For AI agents, coverage is structurally different. It's not about code paths — it's about executions. An agent can have 100% code test coverage — every function tested — and still produce garbage outputs in production, because the behavior lives in the model's probability distribution, not in deterministic code.
This means coverage must be measured at the output level: what percentage of actual agent outputs were evaluated for quality, safety, and cost?
Why 100% Eval Coverage Matters
In software, 80% test coverage is considered good. An uncovered branch might be dead code that never runs. But with agent outputs, there is no dead code. Every call is a real user interaction with real consequences.
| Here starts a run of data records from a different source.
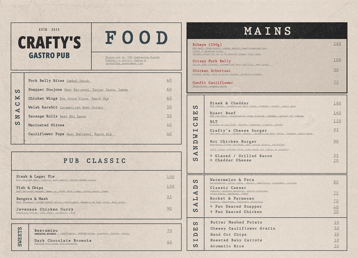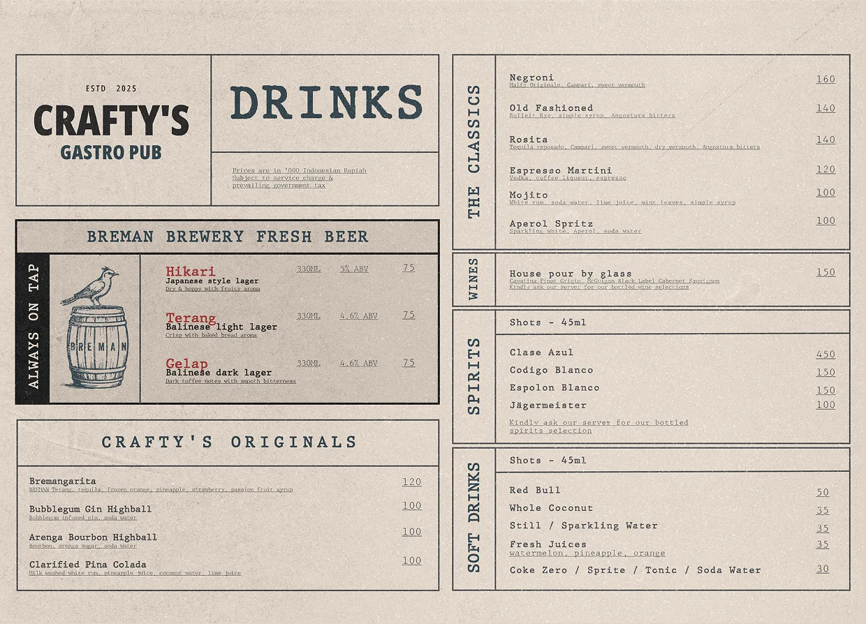 Experience the vibrant heart of Canggu at Crafty’s Gastro Pub! Conveniently located near 7AM Bakers Bali, Liga Tennis, Dharma Residences & Meat Emporium. Enjoy mouth-watering comfort food, craft beers from Breman Brewery, & a variety of wines, mocktails, & juices. Relax with live sports, music, & entertainment, connect with friends, or host events in The Loft. A top Canggu dining spot, Crafty’s offers a cosy dining experience.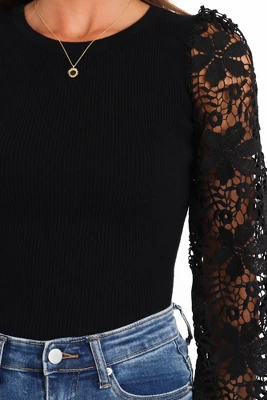 If lace is your thing, then this round neckline top is totally made for you! With long lace sleeves and a stretch ribbed knit body, it’s perfect for dressing up or down. Go from day to night in style with this must-have piece – you won’t be disappointed!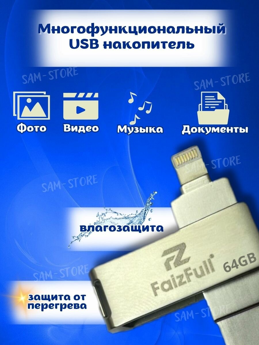 Флеш-накопитель для айфона Lider mobile USB 3.0 Flash Drive , 64 ГБ, 3-в-1 , Водонепроницаемый чип , Cеребристый
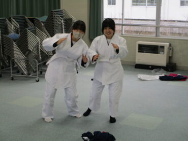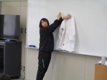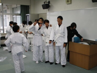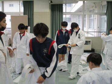 こういう時には、柔道部の生徒は活躍します。柔道着を正しく着ることの模範を示してくれるからです。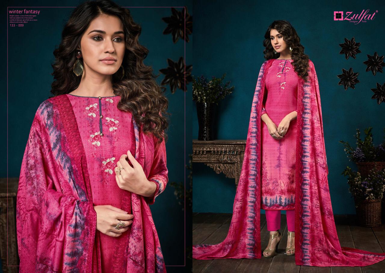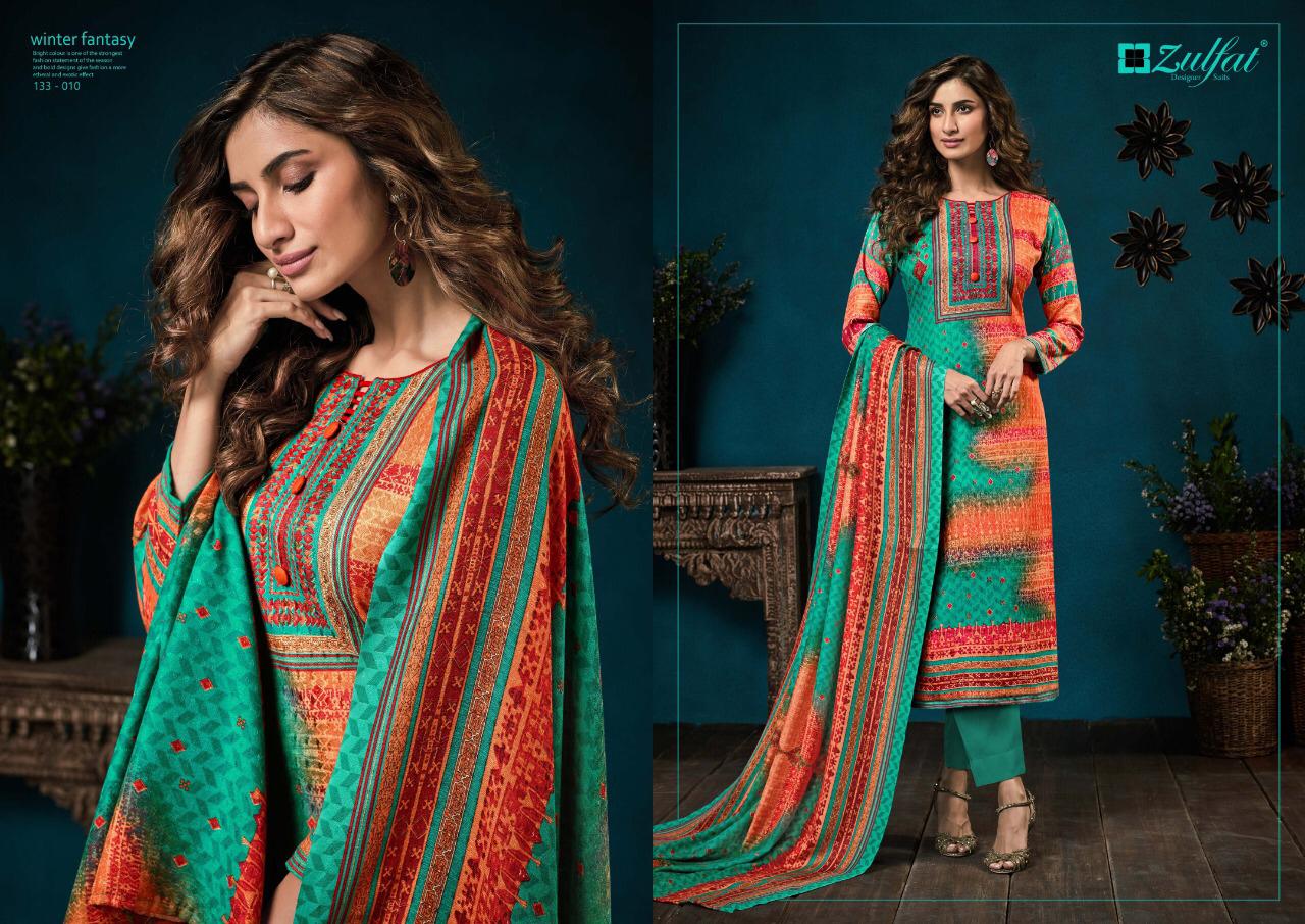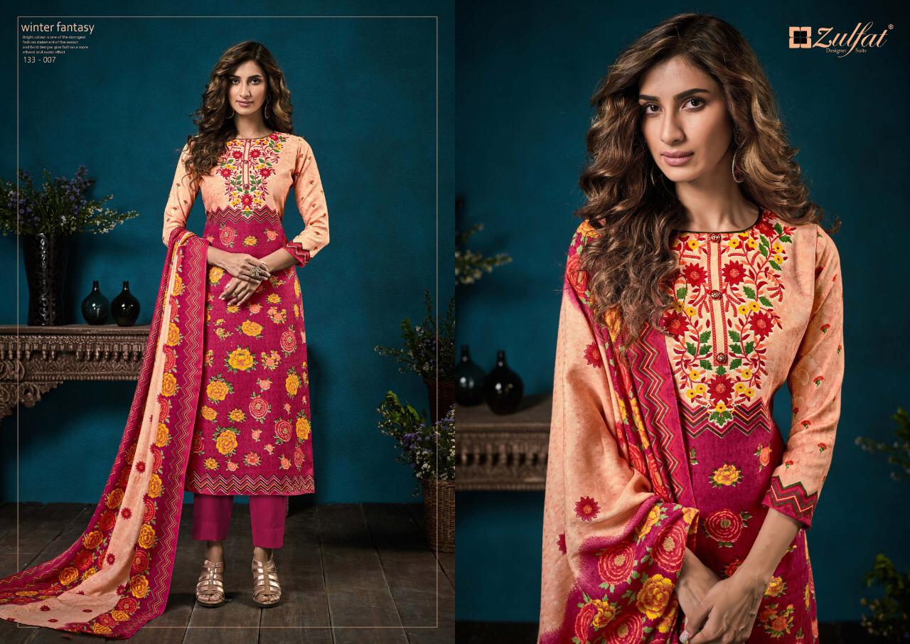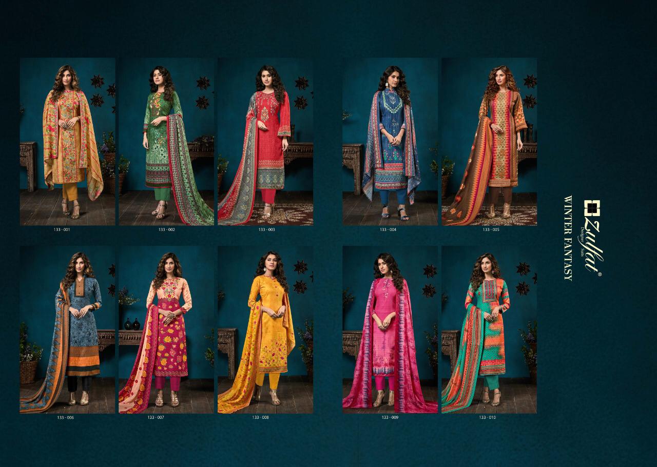 Buy Online Zulfat Designer Winter Fantasy Dress Materials Wholesale Supplier And Dealer Gujarat 10 Pcs of Full Catalogue at Wholesale Price. Looking for Zulfat Designer Winter Fantasy Dress Materials Wholesale Supplier And Dealer Gujarat Full Catalouge at Best Price? Buy Now Zulfat Designer Winter Fantasy Dress Materials Wholesale Supplier And Dealer Gujarat at Wholesale Rate of Rs 3950 with Total 10 Pcs from authroized dealer and supplier of Brand. Cost of Each piece is just only Rs 395 which is very low and affordable price to resale the product in your retail store ,This is Surat based Wholesale Supplier & Dealer of Brand. Click on Brand name to Know more about Brand's products.Call or Whatsapp on 9898838984 for booking or enquiry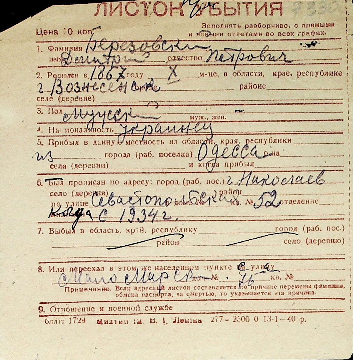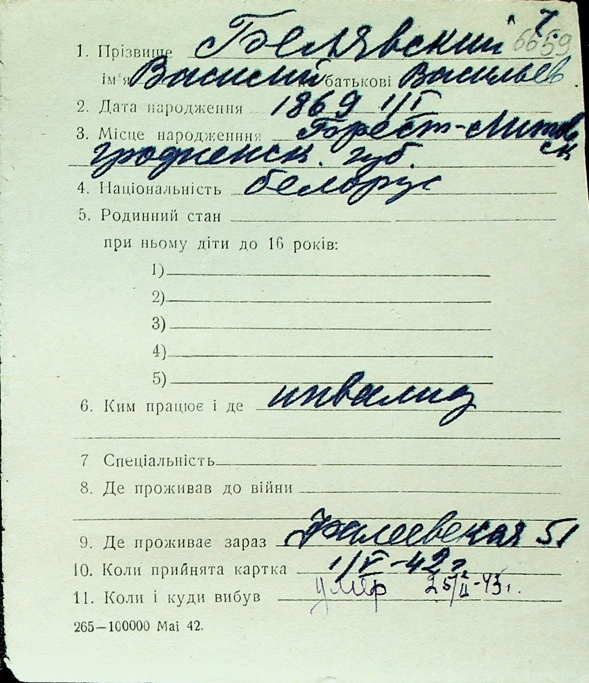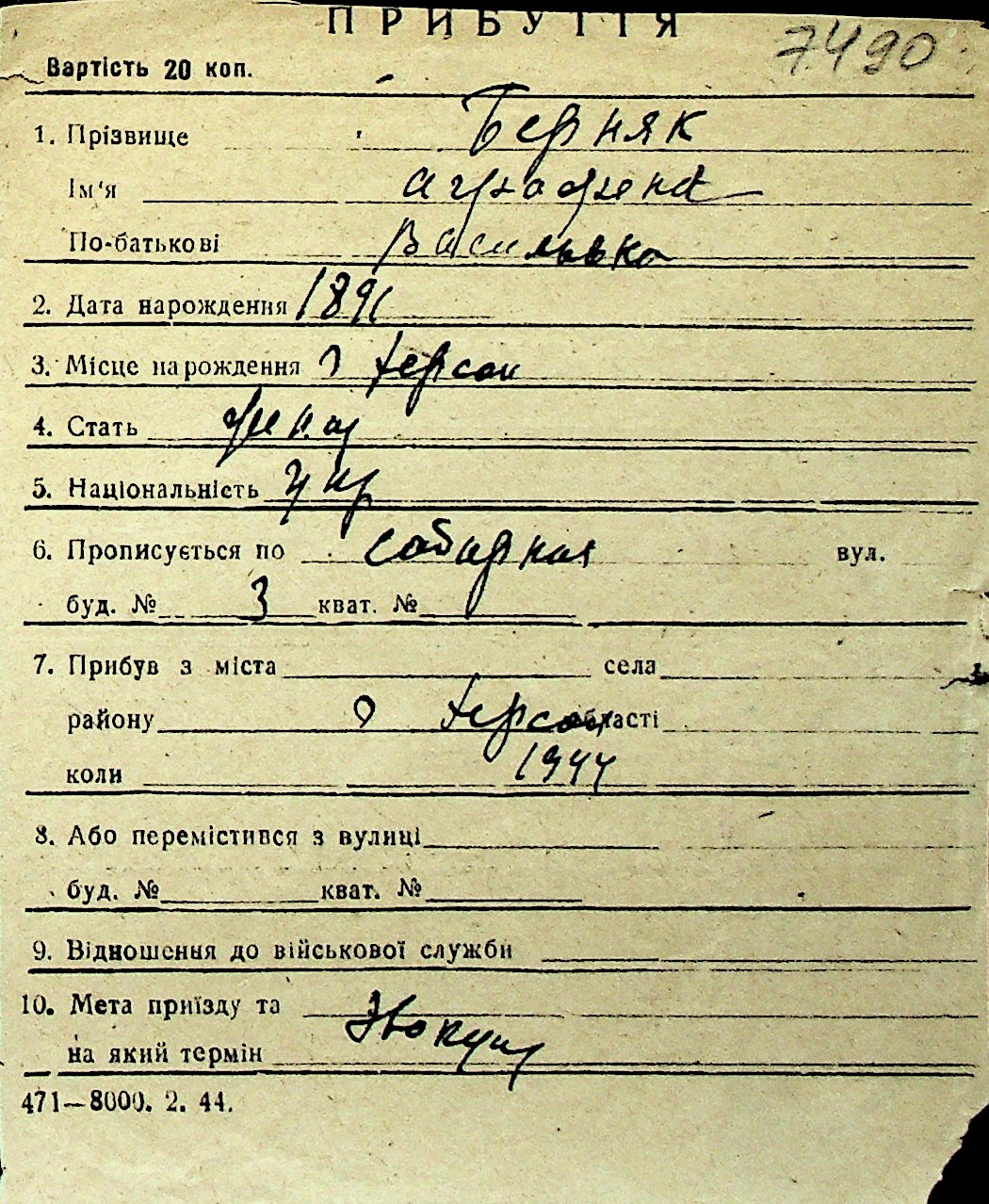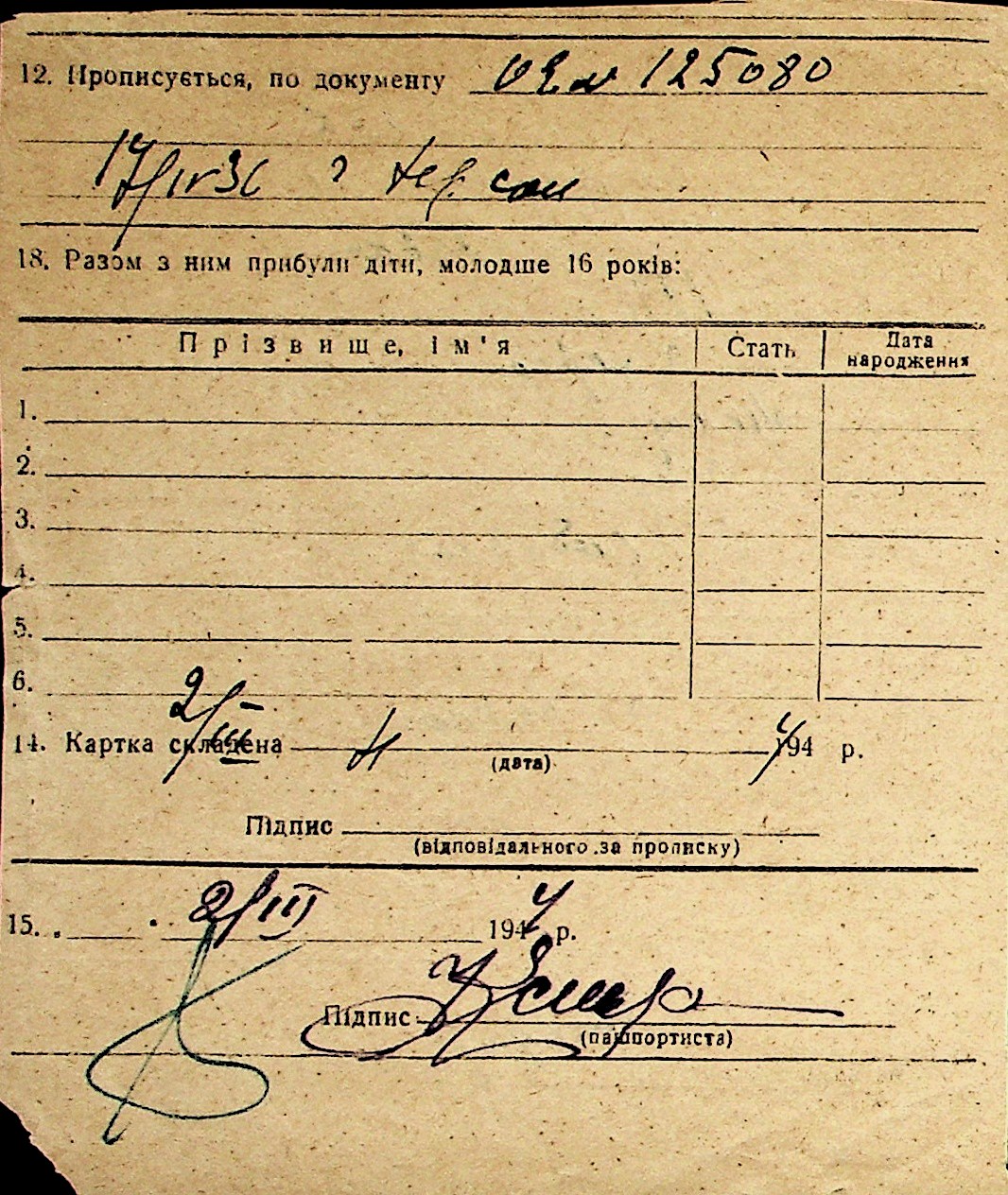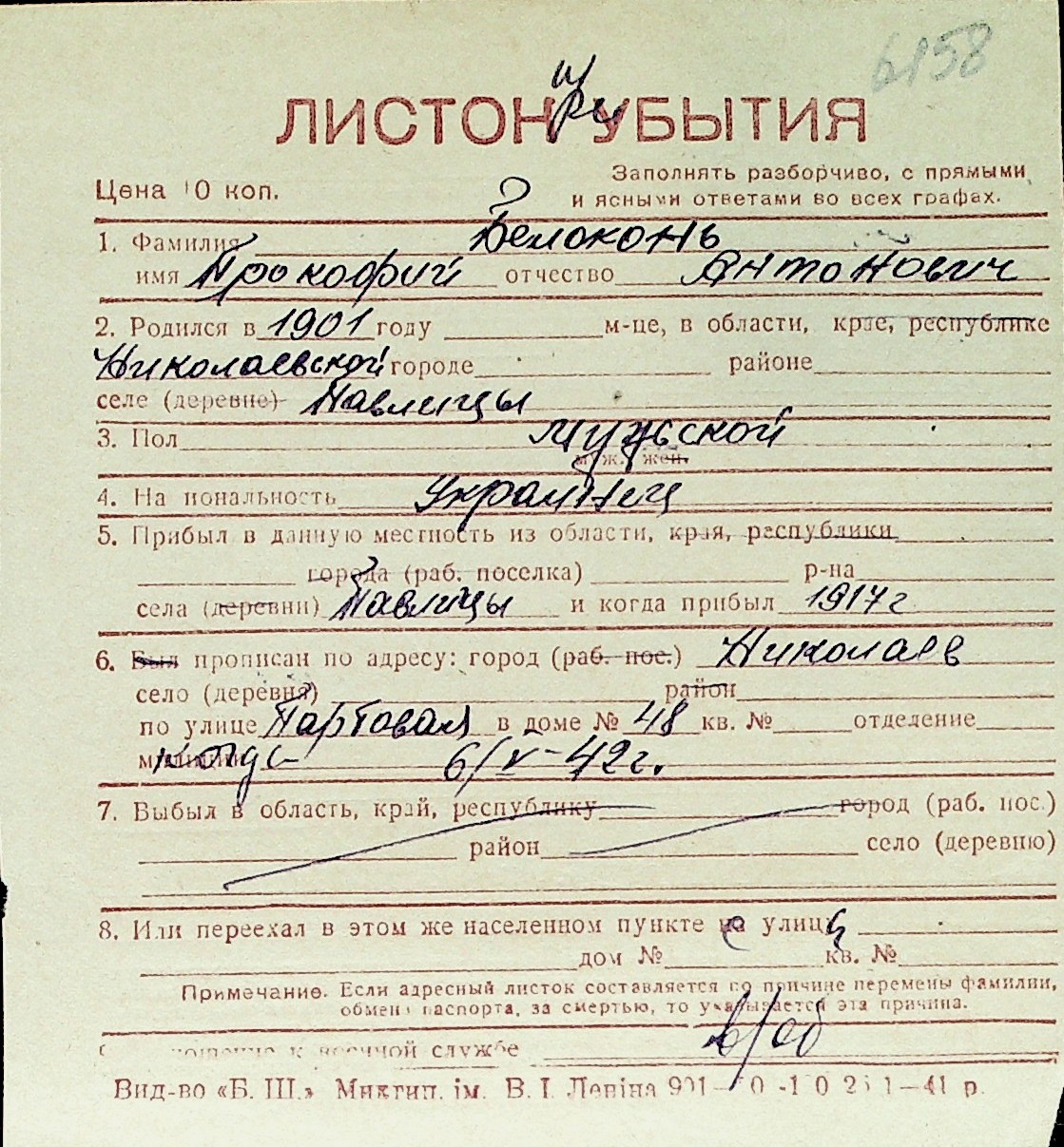 ◦ ◦ Перелік карток на осіб, які мешкали у м. Миколаїв у період окупації 1941–1944 років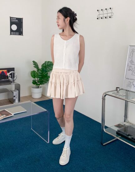 韓系甜美--法式娃娃荷葉背心 2501236-淺淺灰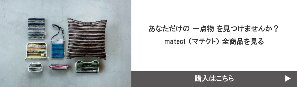 同じ配色でもひとつひとつ違った表情を生み出すのは、使用している生地耳のモケモケとした部分が、ものによって異なるためです。matectの製品は、上質な素材と職人の知恵が詰まった物語を持っている世界で一つ、あなただけの特別な布雑貨なのです。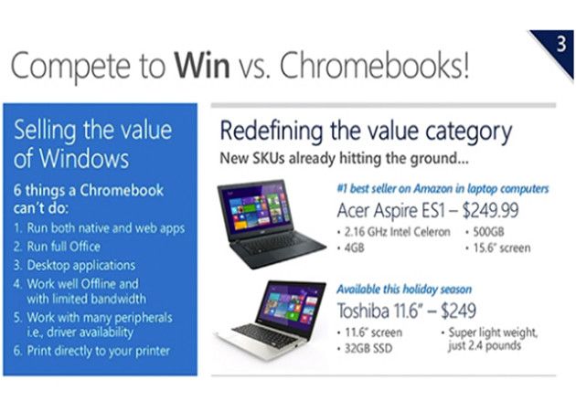 «Vamos a participar en la gama baja. Tenemos una gran propuesta de valor contra los Chromebooks, no vamos a ceder el mercado a nadie«, explicó el jefe de operaciones de Microsoft, Kevin Turner, en la conferencia anual con socios WPC 2014 que se está celebrando en Washington

Spot-checking 25% of runs is not "mostly covered." It means 75% of your production failures are invisible. The failure that leaks PII, the hallucination that sends a customer wrong data, the $40 API call that should have been $0.12 — these live in the long tail, and they're the ones that generate lawsuits, churn, and trust destruction.
The Coverage Spectrum
| Level | What It Means | What You Miss |
|---|---|---|
| 0% | No eval, ever | Everything. Flying blind. |
| 25% | Spot checks, manual review | 75% of failures invisible |
| 50% | Sampling — eval 1-in-2 calls | Half your production failures |
| 80% | What software considers "good" | 20% blind spots — still risky for agents |
| 100% | Every execution evaluated inline | Full visibility. Drift detectable from day one. |
The Test Coverage History Parallel
The journey from "tests are optional" to "shipping without tests is unprofessional" took about 15 years:
- 1994: Kent Beck published SUnit — the first test framework formalization
- 1999: Extreme Programming codified TDD as a core practice
- 2003: "TDD: By Example" published — the codification artifact
- 2005-2010: CI/CD adoption made test gates structural, not optional
- 2010+: Not having tests became a professional red flag
- Today: 80%+ coverage is expected in any serious codebase
A joint IBM and Microsoft study shows TDD reduces post-release bugs by 40-90%.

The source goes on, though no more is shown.